» **YOUR GOAL**
With the pictures left out, return exactly the lines from the one containing "3時間目は高学年対象に、実技" through the end of the listing below.
=====
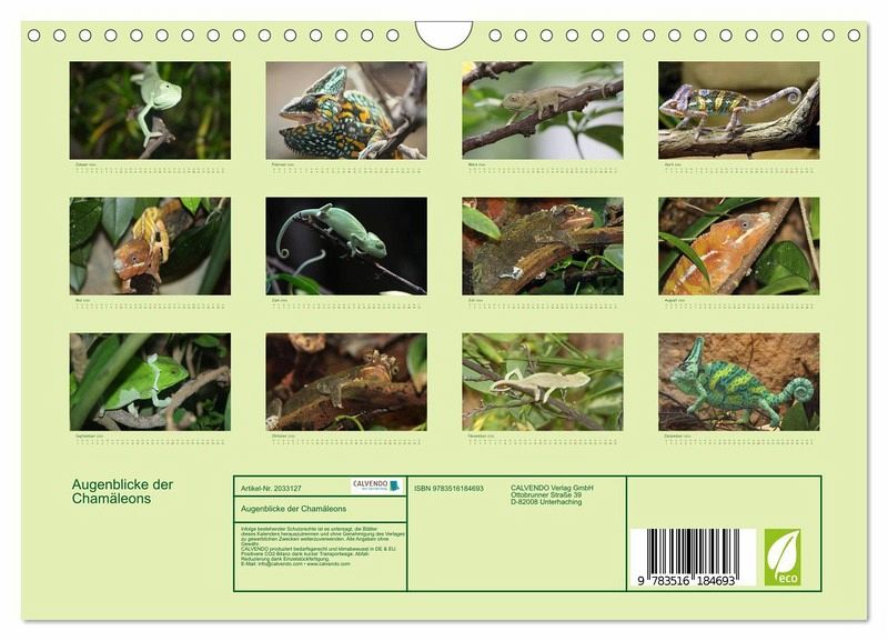 QUALITÄT - Hochwertiger Fotokalender mit 12 wunderschönen Motiven auf lichtbeständigem Bilderdruckpapier, robuste Spiralbindung mit Aufhängebügel.NACHHALTIG - deutliche Abfallreduzierung durch bedarfsgerechte Einzelstückfertigung, umweltfreundliches FSC-zertifiziertes Papier, Produktion in Deutschland, klimabewusste Logistik.PERFEKTES GESCHENK - Kalender für Freunde und Familie, für Kinder und Erwachsene, jung und alt, zu Weihnachten, Geburtstag oder zwischendurch.VIELFALT - Bildkalender in verschiedenen Formaten, z.B. DIN A5, DIN A4, DIN A3 sowie DIN A2. Ob Naturmotiv, Gemälde oder Fotos, ideal für ein persönliches Wohlfühlambiente.Augenblicke aus dem Leben von Chamäleons von Autor(in): Barbara Mielewczyk
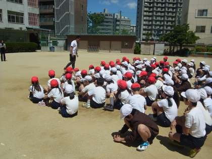 3時間目は高学年対象に、実技指導をしていただきました。走る時の姿勢や体の向き動かし方など、ていねいに指導してくださいました。子どもたちは、プロの走りに驚いていました。
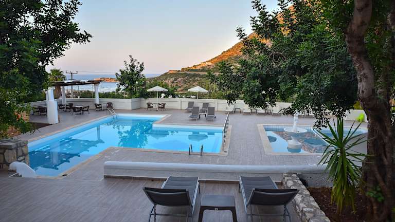 Das Hotel bietet 5 Junior-Suiten, 30 Suiten und 15 Apartments. Zu den Annehmlichkeiten zählen eine 24-Stunden-Rezeption, Gepäckaufbewahrung, Wechselstube und WLAN in den öffentlichen Bereichen. Weitere Angebote umfassen einen Supermarkt, einen Spielplatz, einen TV-Raum, Garagenplätze und einen Transferservice. Der Garten lädt zur Entspannung ein, während ein Fahrradverleih den Gästen ermöglicht, die Umgebung zu erkunden.
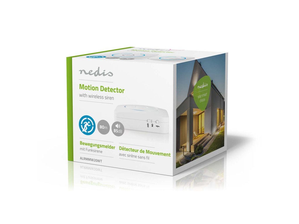 Nedis ALRMMW20WT detektor pohybu s bezdrátovým alarmem, 8 vyzváněcích tónů, světelná signalizace
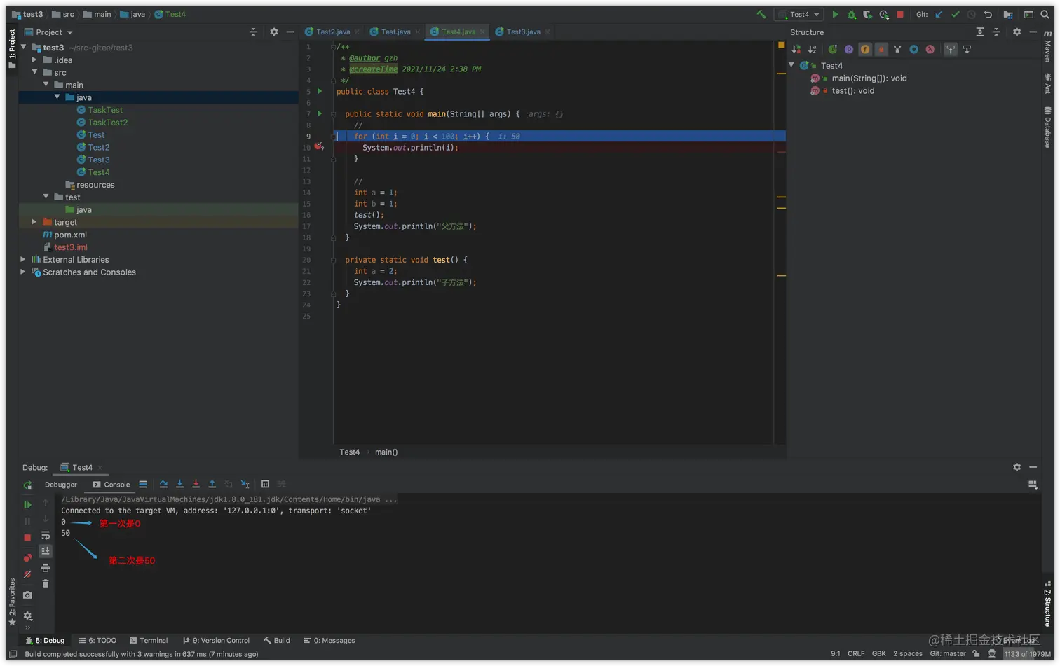 然后,继续执行下一次循环,就可以看到循环变量的值现在是50。
=====
» **ANSWER FOR THE TASK**
 3時間目は高学年対象に、実技指導をしていただきました。走る時の姿勢や体の向き動かし方など、ていねいに指導してくださいました。子どもたちは、プロの走りに驚いていました。
 Das Hotel bietet 5 Junior-Suiten, 30 Suiten und 15 Apartments. Zu den Annehmlichkeiten zählen eine 24-Stunden-Rezeption, Gepäckaufbewahrung, Wechselstube und WLAN in den öffentlichen Bereichen. Weitere Angebote umfassen einen Supermarkt, einen Spielplatz, einen TV-Raum, Garagenplätze und einen Transferservice. Der Garten lädt zur Entspannung ein, während ein Fahrradverleih den Gästen ermöglicht, die Umgebung zu erkunden.
 Nedis ALRMMW20WT detektor pohybu s bezdrátovým alarmem, 8 vyzváněcích tónů, světelná signalizace
 然后,继续执行下一次循环,就可以看到循环变量的值现在是50。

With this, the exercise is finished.